By Austin Goodrich
On July 25, three assistant managers who worked for the La Crosse People’s Food Co-op (PFC) lost their jobs. All three had worked at the store for more than 10 years.
The PFC attributed the position eliminations to the “current economy and sales,” along with the goal of matching department structure with the Rochester co-op. Less than a day’s notice was given to the employees whose positions were cut.
The firing of these three employees along with the lack of notice has sparked outrage by both employees, co-op members, and the local community. However, this event appears to be the tip of the iceberg in a long history of increasing employee disempowerment at the co-op.
The People’s Food Co-op began as a food buying club, created in the 1970s by University of Wisconsin – La Crosse (UWL) students interested in “natural foods” and inspired by the cooperative model of business. The Rochdale principles adopted by the International Cooperative Alliance in 1966 provided an ideological basis for operations. These six principles were: open and voluntary membership, one member one vote, limited interest on shares, return of surplus to members, constant education, and cooperation among cooperatives.
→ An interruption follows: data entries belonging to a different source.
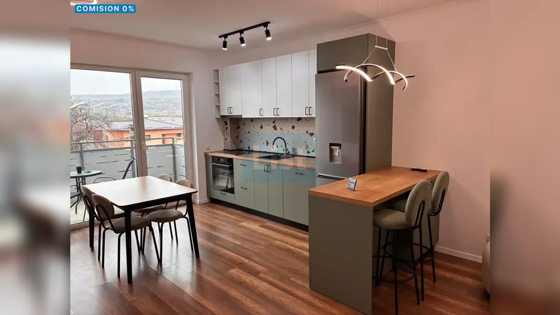 • Living open-space cu zonă de dining și bucătărie complet echipată
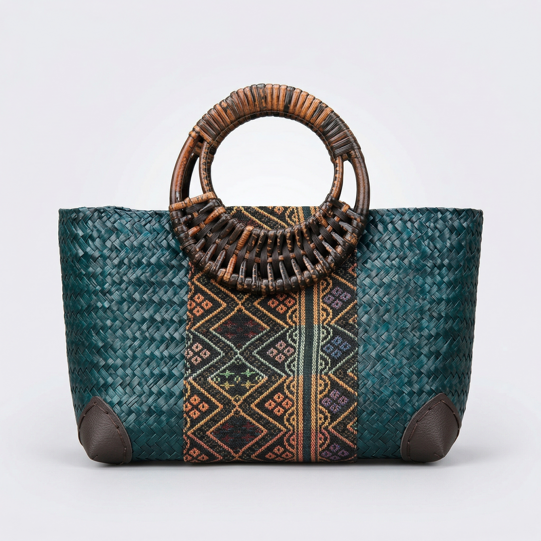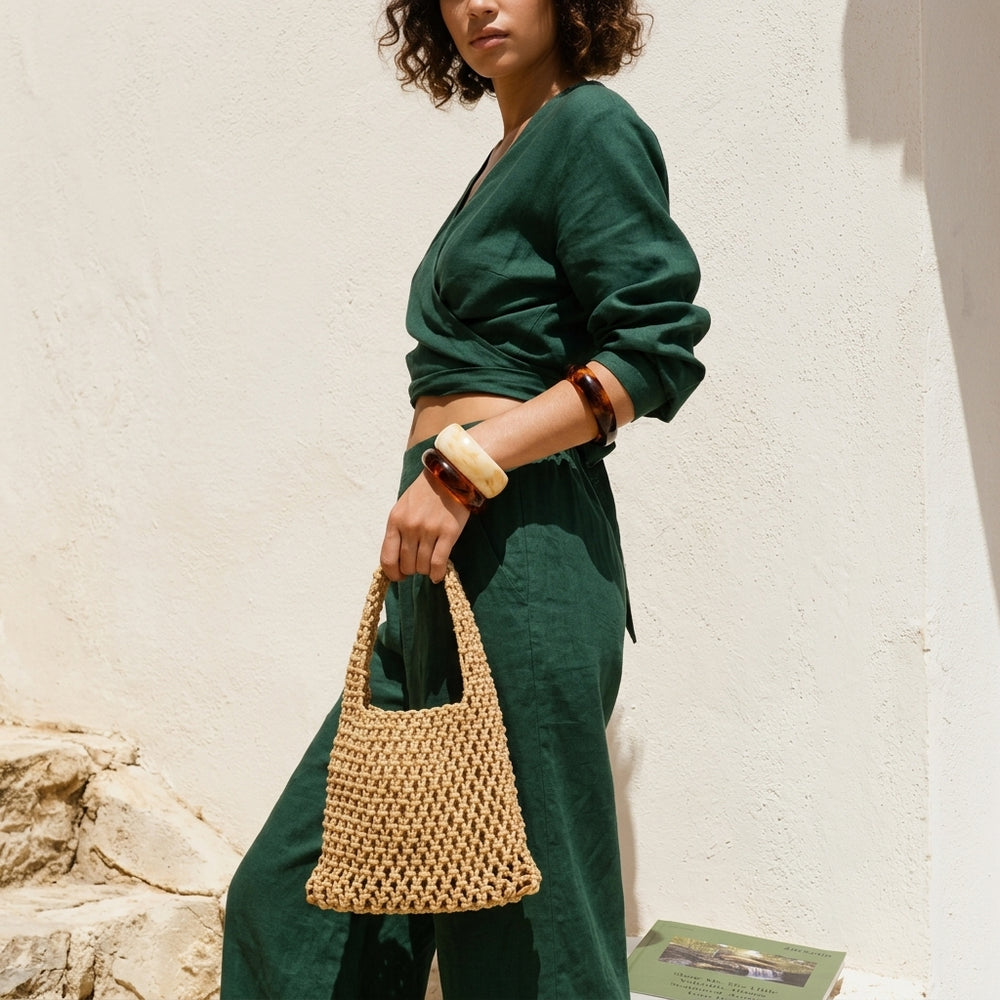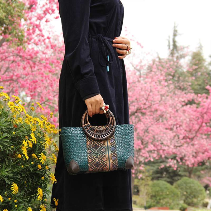 Solana – Woven Straw Top Handle Bag, Boho Clutch
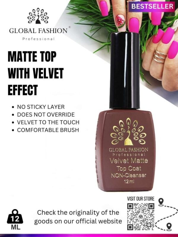 Easily turn your glossy gel polish coat into a matte one with Velvet Matte Top Coat! The finish is made of high quality American raw materials. It is easy to apply, quickly self-levels, has a perfect matte effect, does not fade during wear. The top protects against chipping and retains the color of the gel polish. After drying the top, your nails are velvety, corduroy to the touch. Velvet Matte Top Coat provides long-lasting coverage and allows you to keep your manicure for up to 3 weeks. The top is applied as the final step in a three-phase system and has no sticky layer.
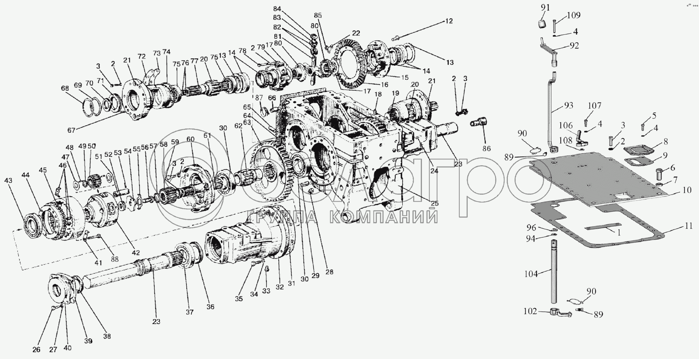 Каталог запасных частей к технике: МТЗ 1220. Задний мост. Дифференциал. Конечные передачи
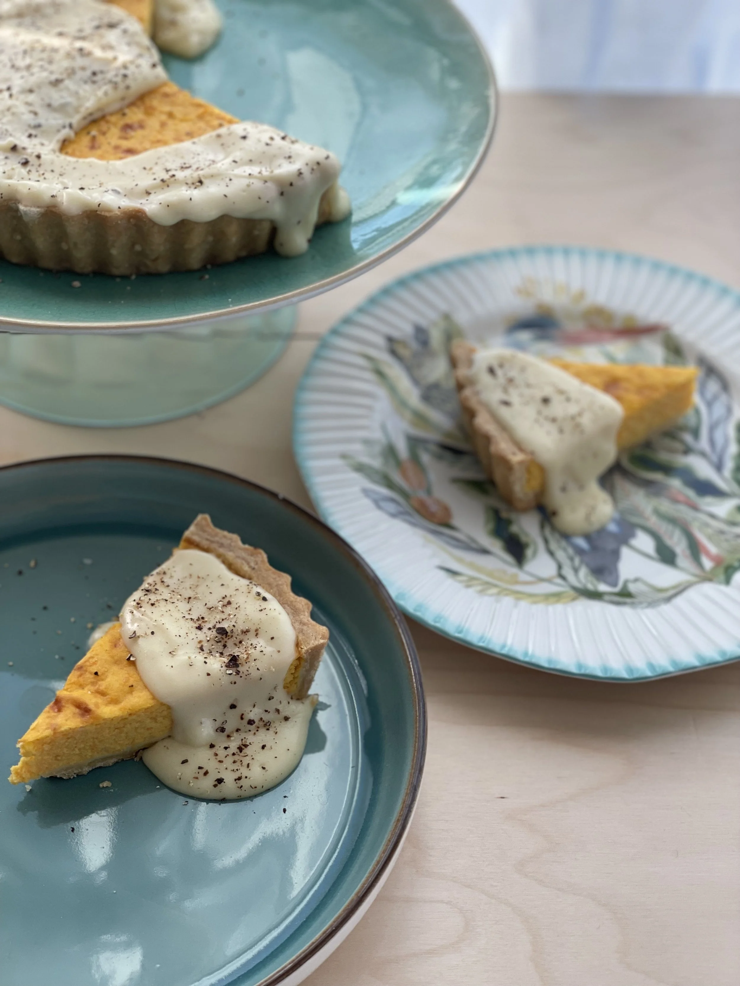 If you are baking the the tart straight with the filling, add a couple of tablespoons of cornflour between the base and the filling. The cornflour will absorb any excess liquid, leaving the bottom of your tart crunchy. This particular quiche can be baked directly with the filling. You only need to increase the overall baking time from 40 minutes to roughly 1 hour.
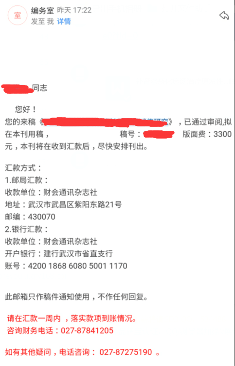 xnytaddd 发表于 2019-2-25 00:14 干财务工作多年,单位有评职称的要求,昨天收到录取邮件还是很开心的,不过版面费有点贵! 发帖纪念下,毕 ...

George Nygaard, one of the founding members, recalled that individuals involved with the co-op early on were idealists looking to not only provide natural foods to local customers but also to respond to the consolidation power within the grocery industry. This consolidation of grocery stores in La Crosse is clearly shown in this image from local UWL graduate Kevin Hundt’s paper “La Crosse, WI, Groceries in Transition: Corner Stores to Car Culture”.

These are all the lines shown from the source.